# [Work to complete]
Every line of the listing belongs in your answer exactly as written; the images do not.

# [Stored data]
((

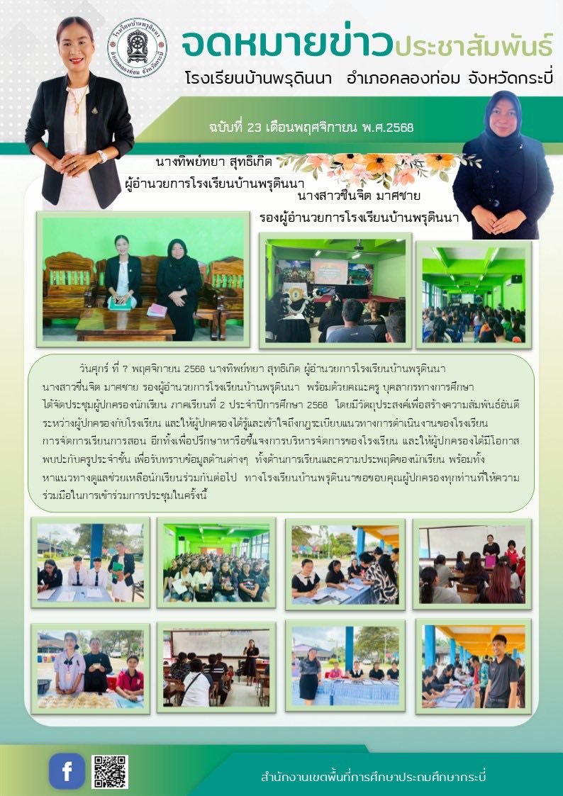 ประชุมผู้ปกครองนักเรียน ภาคเรียนที่ 2 ปีการศึกษา 2568 วันศุกร์ ที่ 7 พฤศจิกายน พ.ศ. 2568
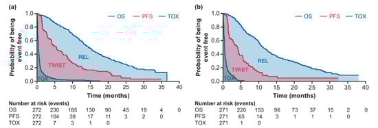 The primary endpoint was PFS as assessed by blinded independent central review, per Response Evaluation Criteria in Solid Tumors v1.1. Secondary endpoints included OS, objective response rate, clinical benefit rate, duration of response, safety, and patient-reported outcomes. PFS was defined as the time from randomization to first observation of tumor progression or death due to any cause, whichever came first, or patient censoring at the last radiographic assessment. OS was defined as time from randomization until death due to any cause, or patient censoring at their last documented visit [8]. Treatment-emergent adverse events (TEAEs) were defined as any AEs that occurred or worsened from the start of study drug treatment through 30 days after the last dose of the study drug. TEAE severity was graded using the National Cancer Institute Common Terminology Criteria for Adverse Events v5.0. The Q-TWiST analysis was performed in the intention-to-treat (ITT) population (all randomly assigned patients).
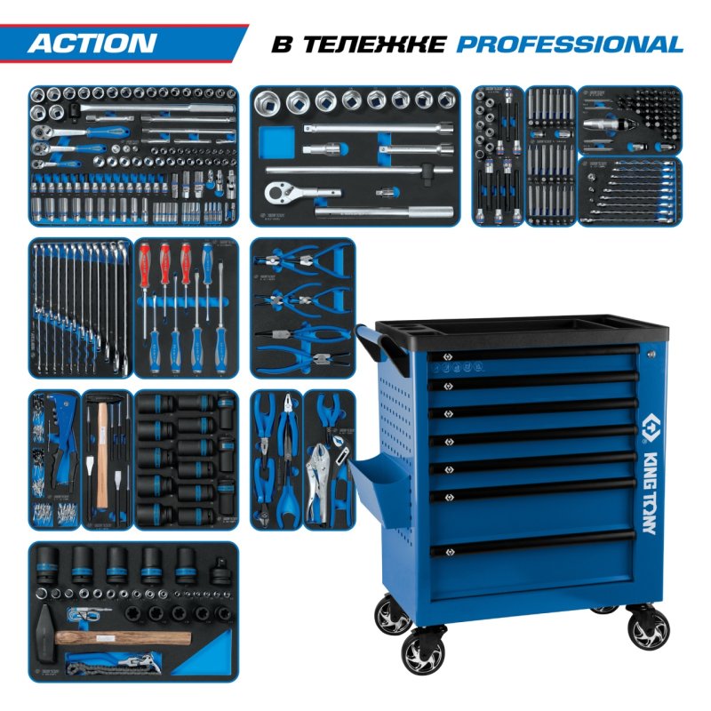 Набор инструментов 327 предметов, "ACTION", в синей тележке KING TONY 9G38-327MRVB купить в Новосибирске цена ✅ - Все для СТО

))

# [Exercise solution]
 ประชุมผู้ปกครองนักเรียน ภาคเรียนที่ 2 ปีการศึกษา 2568 วันศุกร์ ที่ 7 พฤศจิกายน พ.ศ. 2568
 The primary endpoint was PFS as assessed by blinded independent central review, per Response Evaluation Criteria in Solid Tumors v1.1. Secondary endpoints included OS, objective response rate, clinical benefit rate, duration of response, safety, and patient-reported outcomes. PFS was defined as the time from randomization to first observation of tumor progression or death due to any cause, whichever came first, or patient censoring at the last radiographic assessment. OS was defined as time from randomization until death due to any cause, or patient censoring at their last documented visit [8]. Treatment-emergent adverse events (TEAEs) were defined as any AEs that occurred or worsened from the start of study drug treatment through 30 days after the last dose of the study drug. TEAE severity was graded using the National Cancer Institute Common Terminology Criteria for Adverse Events v5.0. The Q-TWiST analysis was performed in the intention-to-treat (ITT) population (all randomly assigned patients).
 Набор инструментов 327 предметов, "ACTION", в синей тележке KING TONY 9G38-327MRVB купить в Новосибирске цена ✅ - Все для СТО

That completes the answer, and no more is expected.